At the end of the day, multimedia is about making the world healthy, happy, and complete. At the end of this exercise I have concluded that the horizon stretches even further than 2020.

Sunday, April 3, 2016

Starting to RUN

Thank you for the email, tweets and texts about my new appointment at Radboud University Nijmegen. I'm happy that other people realize what a special day it was for me, and share my excitement about new opportunities and new challenges. I appreciate the warm reception at Radboud University. The "Welcome!" was unmistakeable: actually written on my whiteboard, when I walked into my office in the Center for Language Studies for the first time.

My appointment is as "Professor of Multimedia Information Technology" at the Faculty of Science, Institute for Computing and Information Sciences (iCIS). It involves a double affiliation (50/50) between iCIS and the Faculty of Arts, Centre for Language Studies (CLS). In this way, it brings together my background (pre-1990 in Math and EE; 1990-2000 in Formal Linguistics; and since 2000 in Computer Science, i.e., audio-visual search engines). It is a natural extension of this background that I will be working to bridge the research occurring on information access between the two faculties.

A press release about my appointment appeared on 31 March on the Radboud University homepage. I was very happy about the publicity for the MediaEval Multimedia Evaluation Benchmark. MediaEval is an initiative aimed at driving the development of new multimedia access technologies by offering shared tasks to the community.

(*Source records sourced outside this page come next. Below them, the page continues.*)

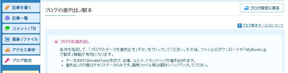 これ、本当に大事ですよ。バックアップが簡単にできない信じられない無料ブログもありますが、livedoorBlogは簡単です。
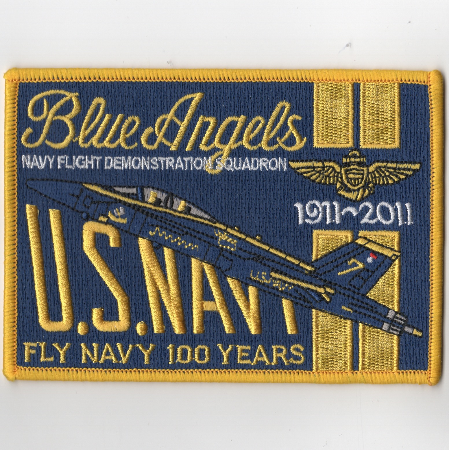 This is the Blue Angels A/C No. 7 patch commemorating 100 years of US Naval Aviation from 1911-2011.
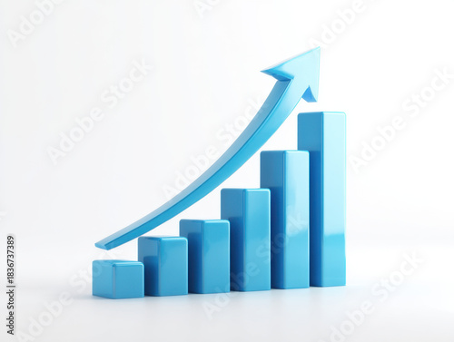 Blue rising bar chart with upward arrow indicating growth and success in finance and business, glossy 3d columns on white background conveying positive trend and progress
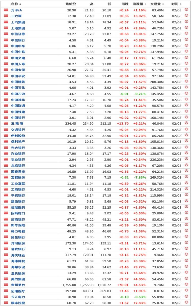 富时中国A50 成分股。来源:Investing.com
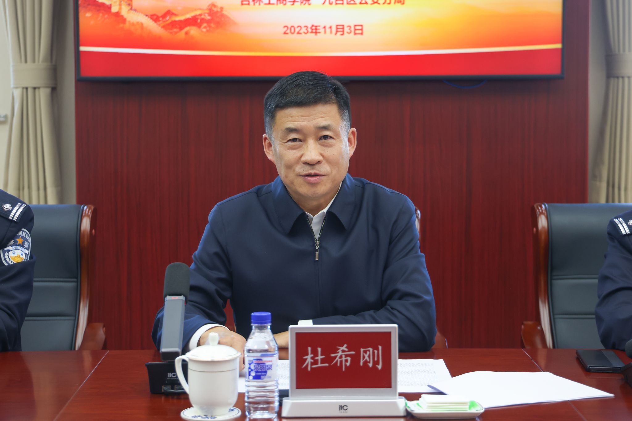 杜希刚代表学校向九台区公安分局对我校多年来给予的大力支持表示衷心感谢。他指出,聘任法治辅导员,是加深警校融合、推进平安校园建设的重要举措,希望警校双方以法治辅导员进校园为契机,充分发挥公安民警参与学校法治教育、权益保护、预防犯罪、安全管理、教育惩戒、依法治理等方面作用,深入开展形式多样的法治教育宣传活动,全面提高师生的法律意识。杜希刚强调,我校高度重视、积极响应法治辅导员进校园工作,与九台区公安分局协调联动,为法治辅导员履职提供了必要的工作便利,相信在九台区公安分局的鼎力支持下,在法治辅导员的精心指导下,我校的法治教育和平安校园建设工作一定会取得更加显著的成效。
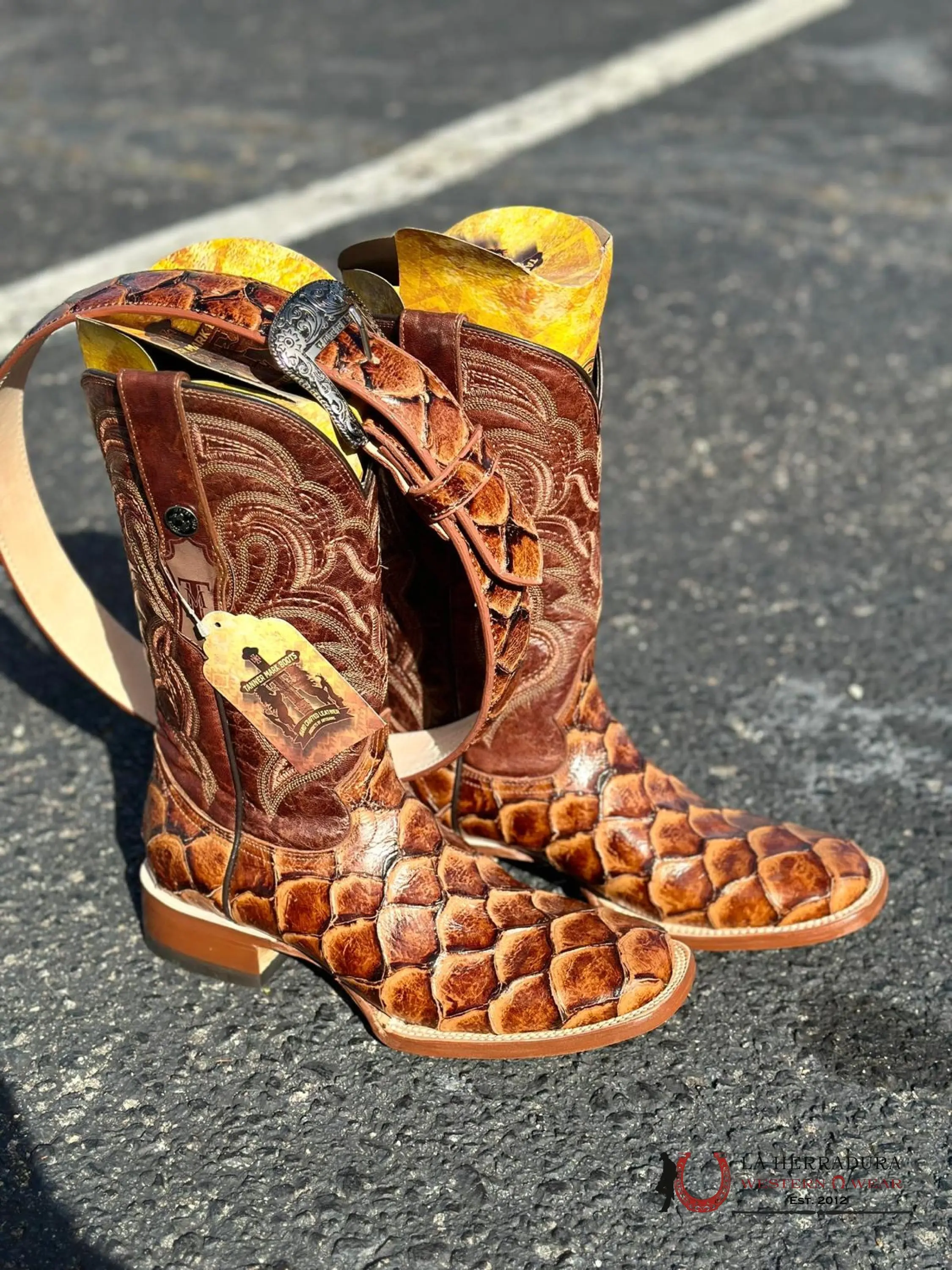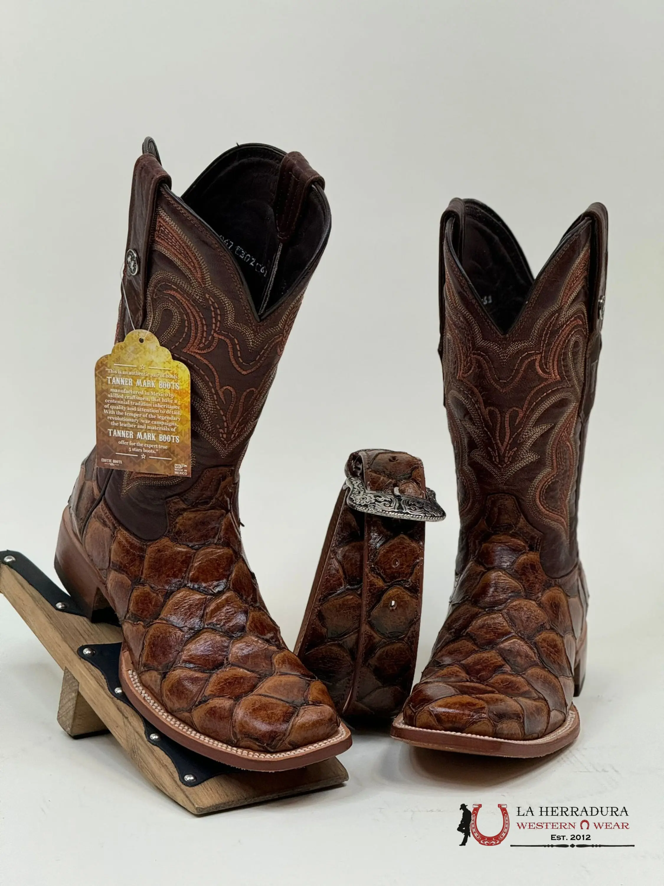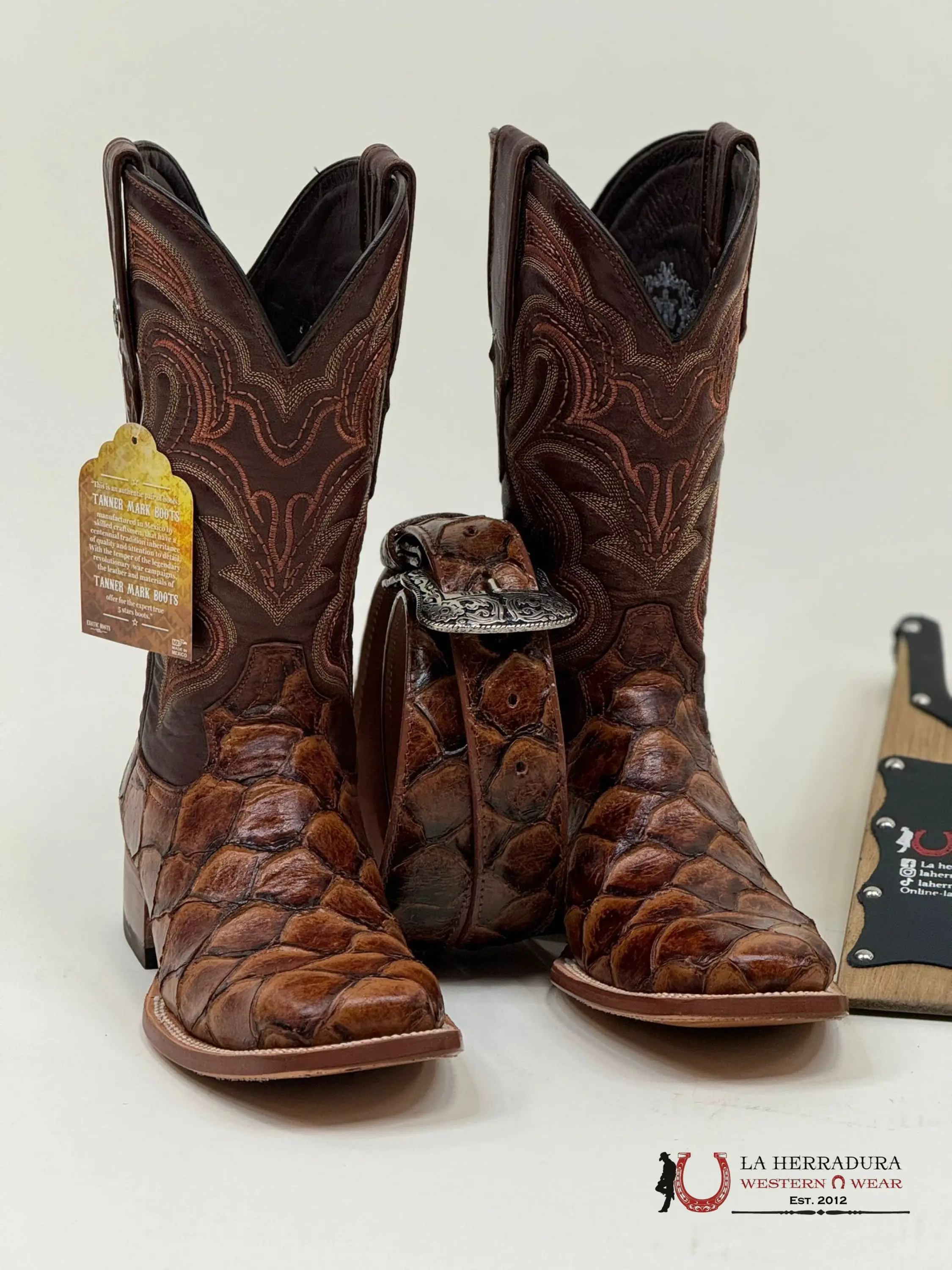 Style meets functionality with these Tanner Mark boots in a unique fish print. The cognac color adds a touch of sophistication, and it even comes with a matching belt for a complete look. Dress up any outfit with these medium fit boots that are sure to turn heads.

Instead of being centrally organized, it is grassroots in nature. My role is the bass player who, in a band, helps to links different parts together and keep the music moving forward on tempo. The success of the benchmark comes from the dedication and efforts of the task organizers, and the participants. (MediaEval is offering a great lineup of tasks in 2016, and signup is now open on the MediaEval 2016 website. The MediaEval 2016 workshop will be held 20-21 October 2016, right after ACM Multimedia 2016 in Amsterdam.)

Starting January 2017, Radboud University will be my main university (4 days per week), but I will maintain an affiliation with Delft University of Technology (1 day a week).

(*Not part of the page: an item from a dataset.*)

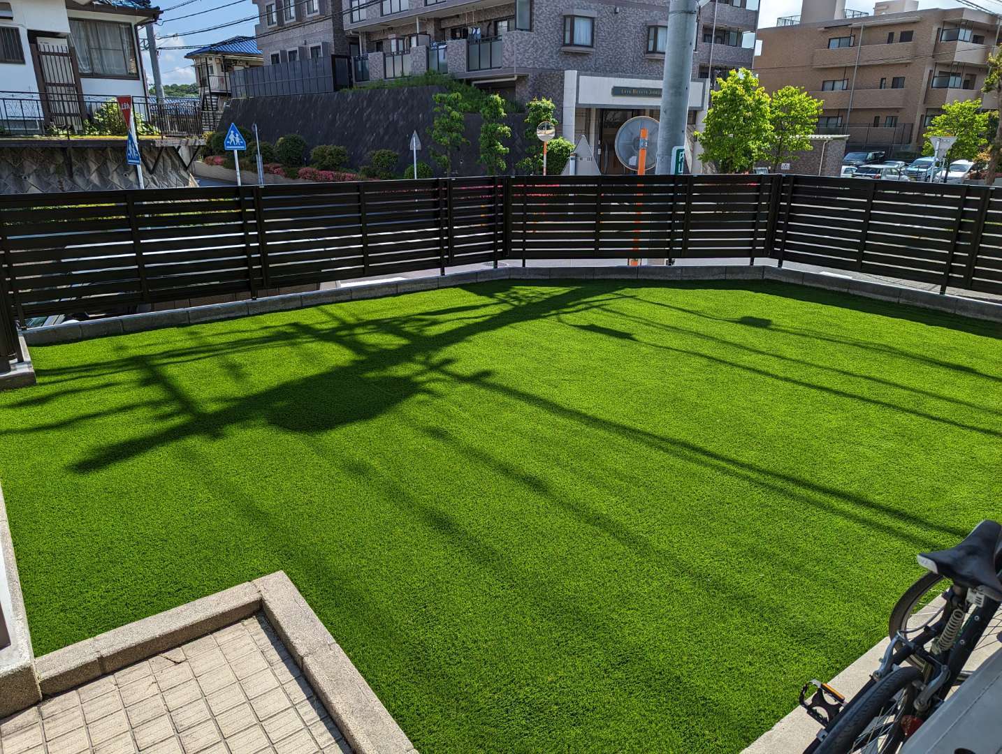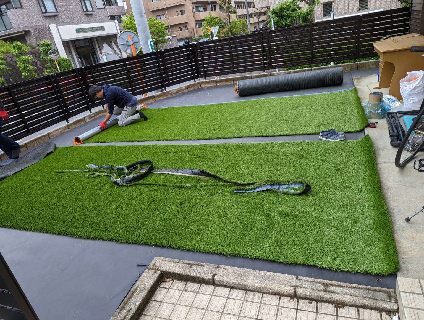 先日、お客さまの庭を天然芝から人工芝への張り替えを行いました!
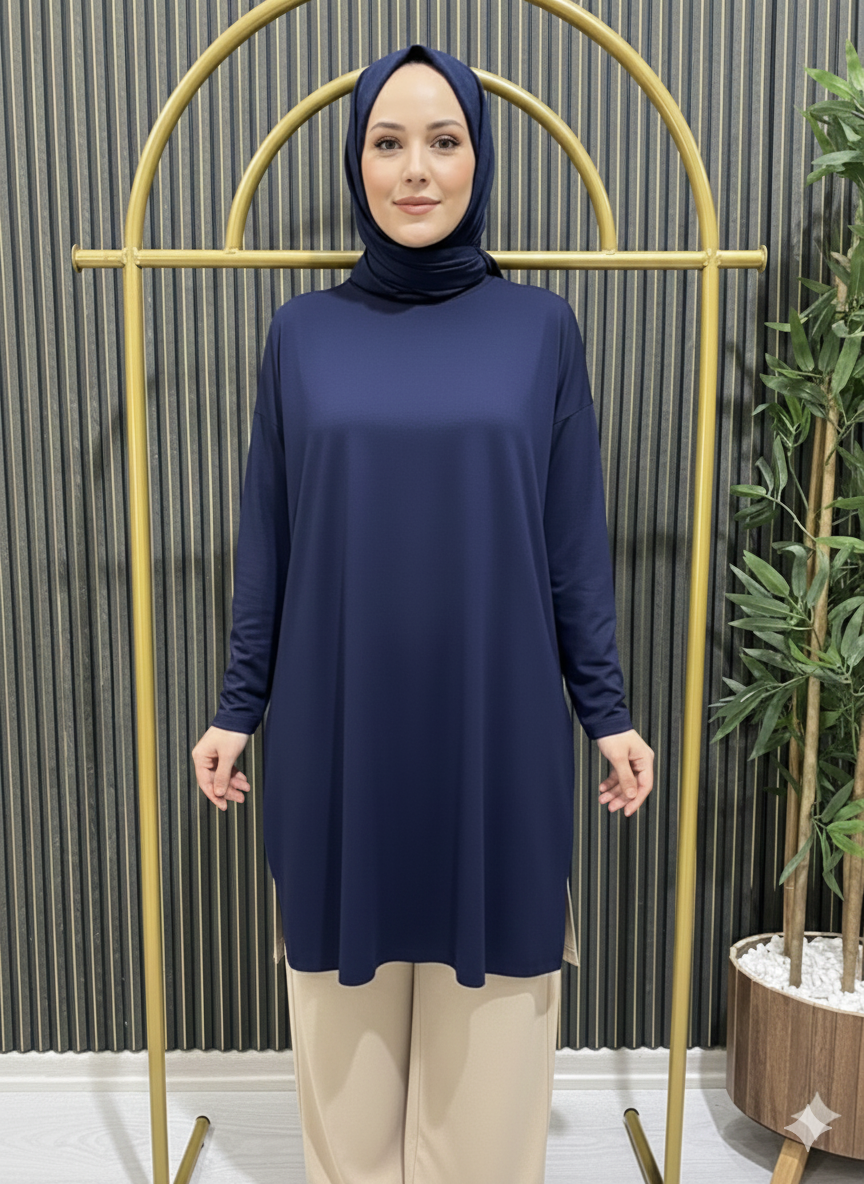 Günlük kullanım için ideal, büyük beden rahatlığını ön planda tutan uzun tunik Likralı penye kumaşı sayesinde esnek, yumuşak ve gün boyu konfor sağlar.

Currently, my main affiliation remains the Multimedia Computing Group at Delft University of Technology. However, I am at Radboud University Nijmegen for two days a week to get started at CLS. My first act is teach Intelligent Information Tools, a course for first and second year undergraduate students in Communication and Information Science. The students learn about the nature of information, the structure of the internet, how search, recommendation, and other information tools work, and also how to think critically about these tools.

At TU Delft I continue teaching, and pursuing my research. The main focus of my research at this time is recommender systems, within the context of the EC FP7 project CrowdRec "Fusion of active information for next generation recommender systems". It is a privilege to serve the CrowdRec consortium as the scientific coordinator.  Current highlights are: The NewsREEL news recommendation challenge, at CLEF 2016 the ACM RecSys 2016 job recommendation challenge, and the Workshop on Deep Learning for Recommender Systems, also at ACM RecSys 2016. I look forward to a successful conclusion of the project September 2016, and also to future collaborations.

Seven years ago, nearly to the day, I wrote the first post on this blog. I had read an article advising kill your blog, as an answer to blogposts getting lost in a sea of mainstream information. My post points out that it is strange to suggest that bloggers must change, and not mention the role or responsibility of search engines.

Now, I am more convinced in ever of the value of information within small circles. Search needs to support exploitation of that value. The readership of this blog is intended to be future versions of myself, and also a limited number of people interested in a deep dive into reflections on various search-related topics. As I move to a new university, and the number of people I teach or collaborate with grows, I would like to remember that. I'll probably have less time to write blog posts, but I have decided that I will wait a few more years until moving away from occasionally blogging.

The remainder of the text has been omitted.